Joaquín Velazquez

Personal information
- Full name: Oscar Joaquín Velázquez Elvira
- Date of birth: 11 September 1975 (age 50)
- Place of birth: Veracruz, Mexico
- Height: 1.82 m (6 ft 0 in)
- Position: Defender

Youth career
- 1992–1994: Puebla

Senior career*
- Years: Team / Apps / (Gls)
- 1995–2010: Puebla / 230 / (5)
- 1997: → Santos Laguna (loan) / 14 / (0)
- 2004–2005: → Lobos BUAP (loan) / 65 / (3)
- 2007–2010: → Veracruz (loan) / 20 / (1)
- 2013: Chivas USA / 12 / (1)
- Total:  / 341 / (10)

Managerial career
- 2012: Correcaminos UAT (assistant)
- 2016: Coras (assistant)
- 2016–2019: Toluca (assistant)
- 2019–2020: Puebla (assistant)
- 2021–2022: Cruz Azul (assistant)
- 2022–2023: Peru (assistant)
- 2025: Puebla (assistant)

= Joaquín Velázquez =

Mexican footballer (born 1975)

Oscar Joaquín Velazquez Elvira (born 11 September 1975) is a Mexican former professional footballer who played as a defender.

==Early life==

He was born in Veracruz, Mexico on 8 November 1975, his father Joaquín Velázquez senior was a massage therapist, for Veracruz. He would join Veracruz youth system as a child and would later go on to join the Puebla FC youth system in 1992 where he finished his development.

== Career ==

He made his professional debut with Puebla on 27 August 1995 in a 2–1 loss against Toros Neza. He spent two years with the club before being sent out on loan to Santos Laguna where he played 14 games before returning to Puebla where he played from 1998 to 2004. In 1999 with Puebla he experienced relegation for the first time and is still remembered by the clubs' fans for an emotional moment right after the referee ended the match that sealed the clubs' first relegation in more than 60 years. In 2004, he was sent on loan to the club's second division side BUAP where he played 65 games and scored three goals. In 2006 after Puebla's second relegation he rejoined the club and was key in helping the club return to the first division. In 2008 in a match against Pachuca he suffered a nose injury after smashing his face into an opponent's head right after scoring a goal. In 2010 after internal problems with the new owners he was sent on paid leave and wouldn't return to the club.

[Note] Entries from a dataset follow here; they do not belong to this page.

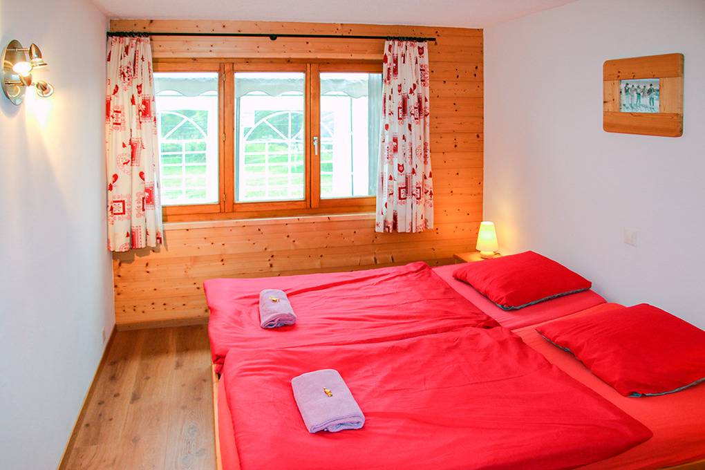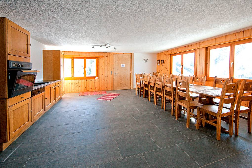 CH 383.72 Wohnung 12-16 Pers.: Großzügige 7-Zimmerwohnung mit 180 qm Wohnfläche, Parterre. Freundlicher Tagesraum mit Sitzecke, TV, Esstischen, gut ausgestatteter Küche (Backofen, Spülmaschine). 4 Doppelzimmer mit Bad (Du, Wb, WC). Doppelzimmer. 6-Bettzimmer mit Doppelbett, Doppel-Etagenbett. Bad: Bw, Du, Wb, WC. Sonnenterrasse mit schönem Blick ins Tal und zum gegenüberliegenden Ort La Tzoumaz.
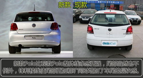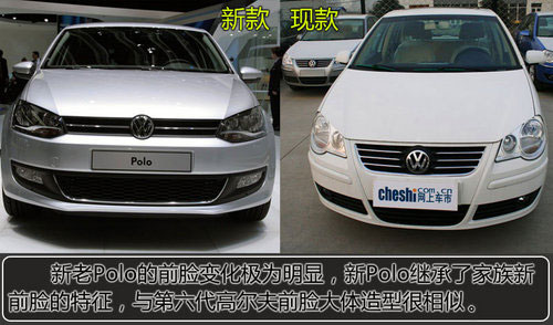 新老Polo的前臉變化極為明顯,新款Polo的前進氣格柵改成了與高爾夫6很相似的窄條形狀,大燈的造型仿佛是第六代高爾夫縱向拉伸版,微微上翹的保險杠配合上寬大的水箱冷卻進氣格柵給人一種壞笑的感覺,霧燈形狀也做了改進。
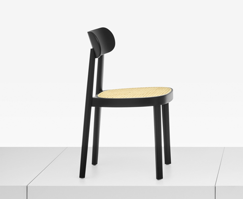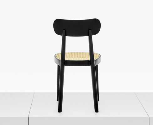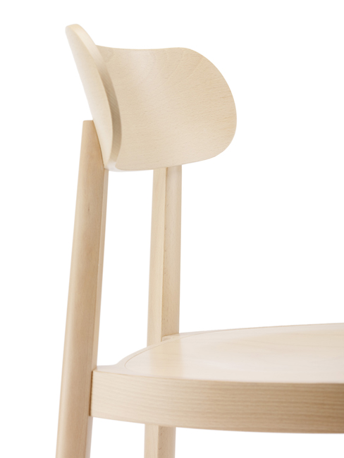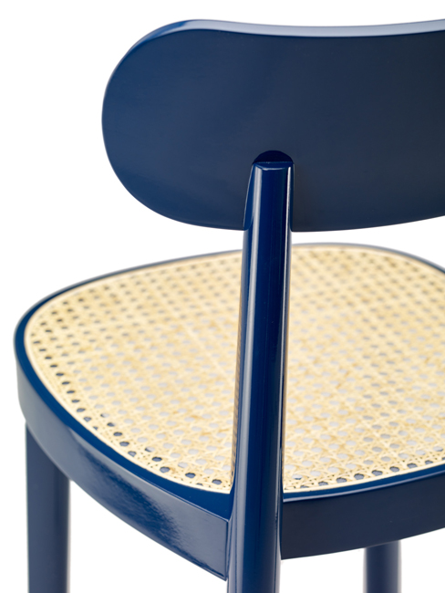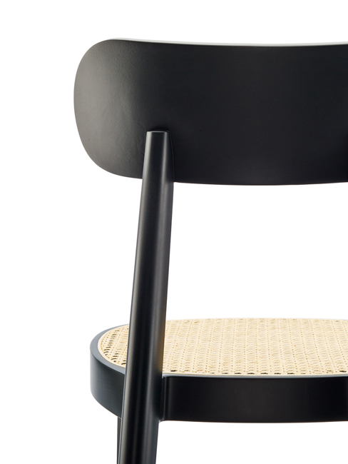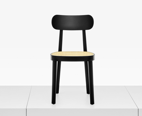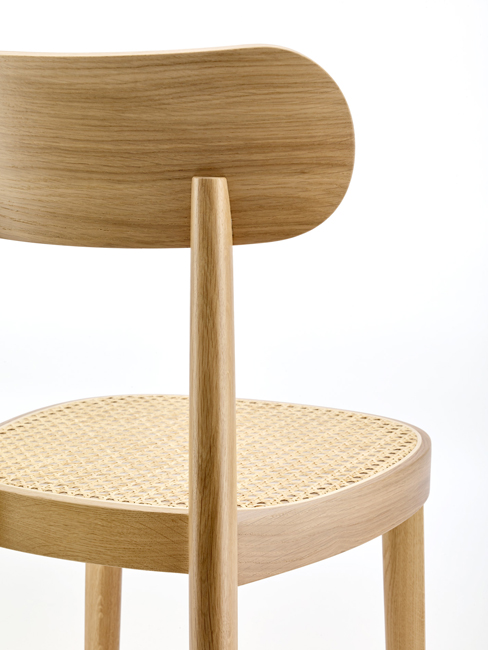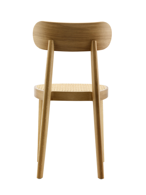 The new chair range 118 refers to the chair 214, the archetype of a Thonet chair, with the seat frame bent from a single piece and the wicker cane seat. Optionally, the 118 is offered with a moulded seat. The shape of the chair legs is another special feature: rounded on the back and characterised by slight edges on the front, they reference the horseshoe shape of the seat. The incline of the back panel is perfectly coordinated with the seat and ensures the highest seating comfort. The chair 118 is available in natural beech and in lacquered or stained versions.
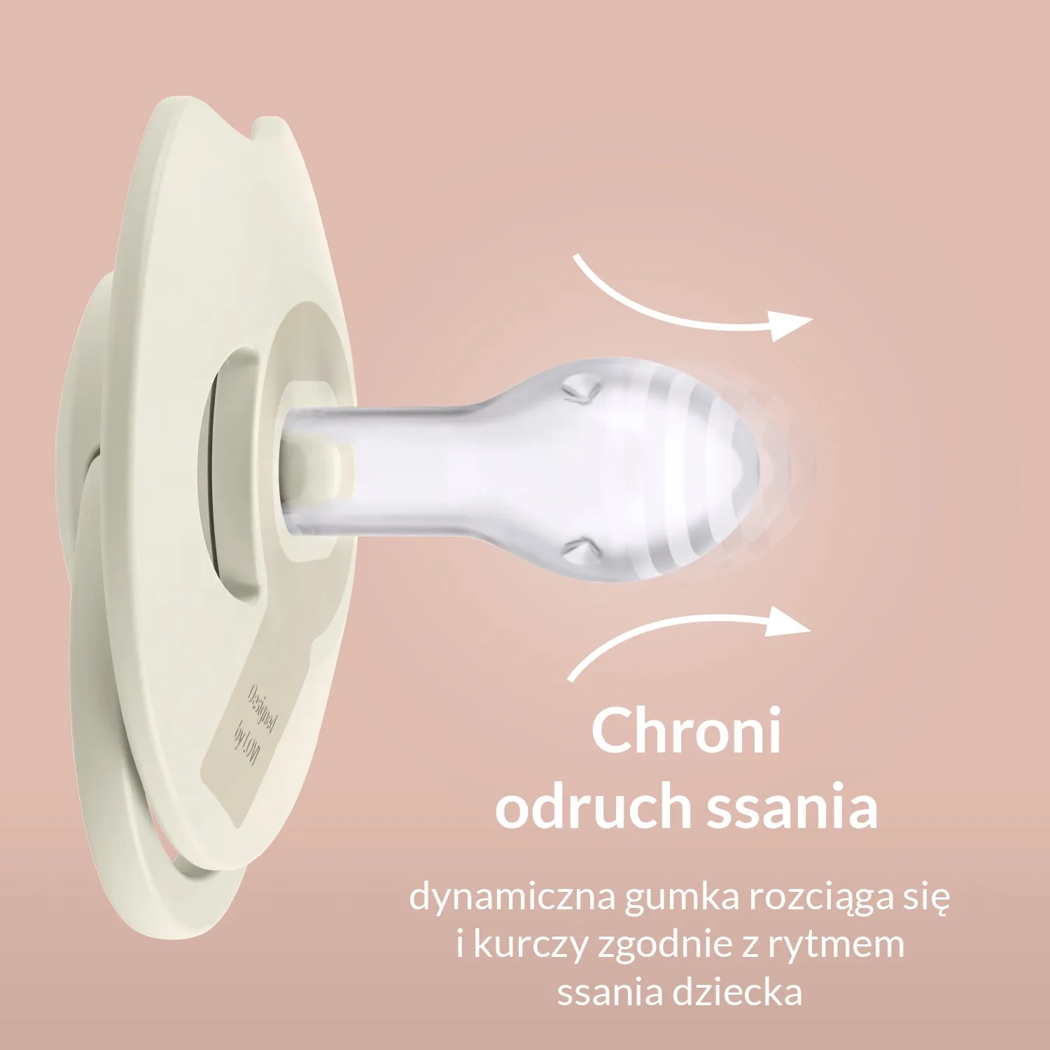Dynamiczna gumka silikonowa – rozciąga się i kurczy zgodnie z rytmem ssania, nie zaburzając naturalnego odruchu.

On 26 February 2013, Major League Soccer club Chivas USA announced they had signed Velázquez along with Peruvian defender Walter Vílchez, reuniting with their former coach at Puebla FC José Luis Sánchez Solá.

== Personal life ==
Around 7pm on April 12, 2022, Velázquez was arrested on the Anillo Periférico while on his way to Cruz Azul's second-leg match of the 2022 CONCACAF Champions League semi-final. The arrest was a result of a "judicial process initiated against him in 2018". The club released a statement the day after announcing Velázquez would no longer be with the institution.